Provided data START

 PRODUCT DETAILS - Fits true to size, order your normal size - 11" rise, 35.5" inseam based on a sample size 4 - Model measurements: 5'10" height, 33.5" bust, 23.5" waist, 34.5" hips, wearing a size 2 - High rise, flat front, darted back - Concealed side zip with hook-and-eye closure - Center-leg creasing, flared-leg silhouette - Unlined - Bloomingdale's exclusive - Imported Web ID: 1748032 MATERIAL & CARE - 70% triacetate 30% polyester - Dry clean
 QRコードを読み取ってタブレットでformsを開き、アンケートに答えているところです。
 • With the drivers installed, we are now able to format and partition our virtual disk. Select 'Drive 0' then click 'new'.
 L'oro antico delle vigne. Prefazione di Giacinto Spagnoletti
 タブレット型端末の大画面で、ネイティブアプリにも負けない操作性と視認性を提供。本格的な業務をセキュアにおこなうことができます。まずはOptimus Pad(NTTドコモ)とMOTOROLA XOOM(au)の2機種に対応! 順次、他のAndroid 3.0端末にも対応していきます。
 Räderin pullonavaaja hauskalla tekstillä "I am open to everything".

Provided data END
Provided data START

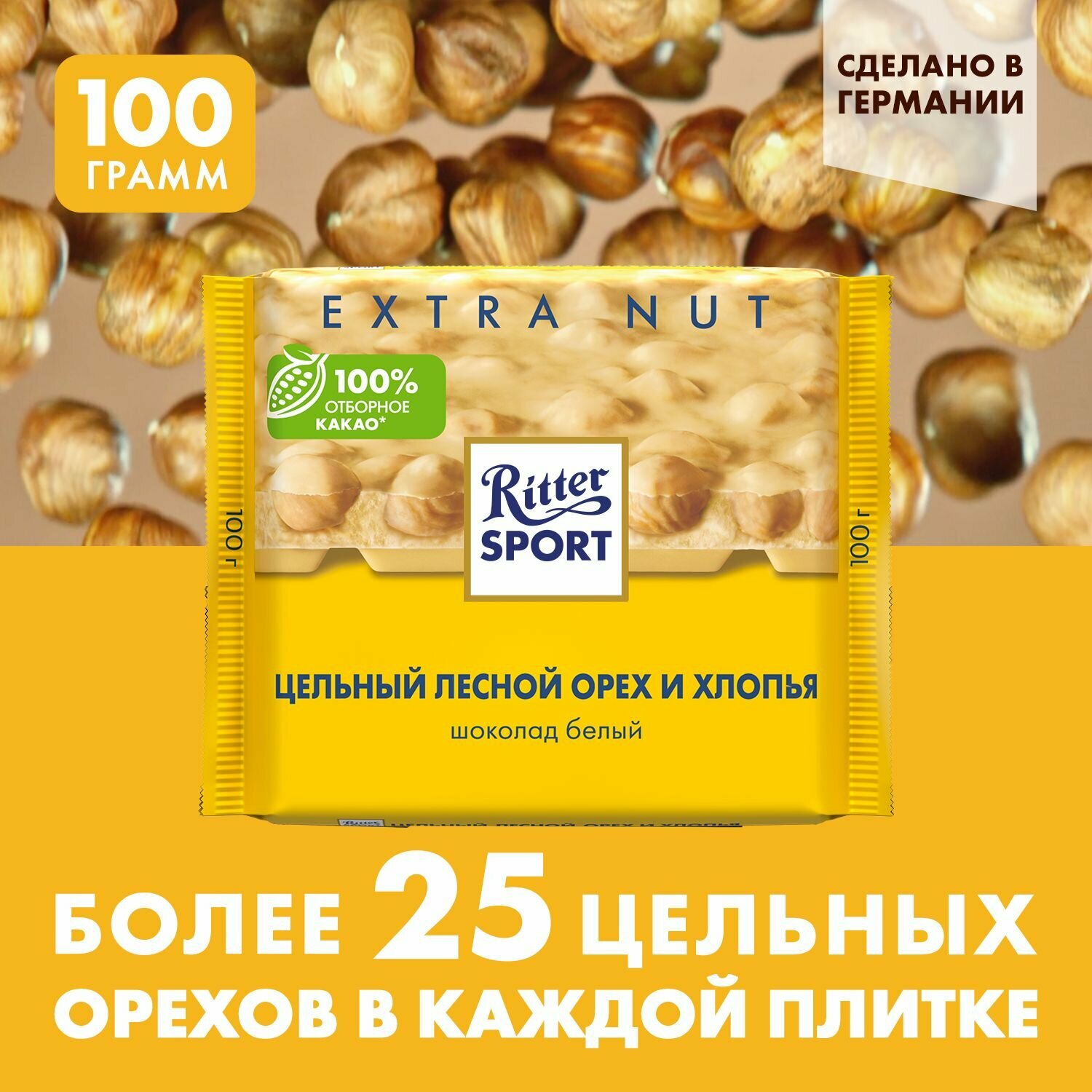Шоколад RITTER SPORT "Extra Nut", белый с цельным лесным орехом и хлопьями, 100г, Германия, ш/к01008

Provided data END
Provided data START

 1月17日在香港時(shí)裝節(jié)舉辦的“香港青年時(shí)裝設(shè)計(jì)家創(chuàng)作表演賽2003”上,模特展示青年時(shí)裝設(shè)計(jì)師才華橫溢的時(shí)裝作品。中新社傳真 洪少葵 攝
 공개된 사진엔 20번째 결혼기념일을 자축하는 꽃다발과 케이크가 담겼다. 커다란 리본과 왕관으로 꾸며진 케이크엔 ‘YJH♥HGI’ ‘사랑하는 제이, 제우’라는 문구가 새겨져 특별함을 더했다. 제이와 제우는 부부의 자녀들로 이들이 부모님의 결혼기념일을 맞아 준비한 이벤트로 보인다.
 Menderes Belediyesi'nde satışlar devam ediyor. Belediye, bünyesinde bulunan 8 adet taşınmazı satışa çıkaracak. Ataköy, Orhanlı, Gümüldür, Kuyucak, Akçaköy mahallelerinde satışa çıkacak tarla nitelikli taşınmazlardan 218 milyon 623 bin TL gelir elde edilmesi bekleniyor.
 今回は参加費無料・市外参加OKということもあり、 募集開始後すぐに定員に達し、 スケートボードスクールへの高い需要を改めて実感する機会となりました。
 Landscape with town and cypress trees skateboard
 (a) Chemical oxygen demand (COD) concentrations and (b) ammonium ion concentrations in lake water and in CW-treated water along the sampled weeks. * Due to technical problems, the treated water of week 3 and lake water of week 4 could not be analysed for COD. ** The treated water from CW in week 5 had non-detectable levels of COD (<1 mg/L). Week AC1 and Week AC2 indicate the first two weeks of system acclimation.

Provided data END

**Your goal**
Please give an exact copy of the entries above, from the line with "PRODUCT DETAILS - Fits" down to the line with "Räderin pullonavaaja hauskalla", inclusive, and nothing else.

**The completed task**
 PRODUCT DETAILS - Fits true to size, order your normal size - 11" rise, 35.5" inseam based on a sample size 4 - Model measurements: 5'10" height, 33.5" bust, 23.5" waist, 34.5" hips, wearing a size 2 - High rise, flat front, darted back - Concealed side zip with hook-and-eye closure - Center-leg creasing, flared-leg silhouette - Unlined - Bloomingdale's exclusive - Imported Web ID: 1748032 MATERIAL & CARE - 70% triacetate 30% polyester - Dry clean
 QRコードを読み取ってタブレットでformsを開き、アンケートに答えているところです。
 • With the drivers installed, we are now able to format and partition our virtual disk. Select 'Drive 0' then click 'new'.
 L'oro antico delle vigne. Prefazione di Giacinto Spagnoletti
 タブレット型端末の大画面で、ネイティブアプリにも負けない操作性と視認性を提供。本格的な業務をセキュアにおこなうことができます。まずはOptimus Pad(NTTドコモ)とMOTOROLA XOOM(au)の2機種に対応! 順次、他のAndroid 3.0端末にも対応していきます。
 Räderin pullonavaaja hauskalla tekstillä "I am open to everything".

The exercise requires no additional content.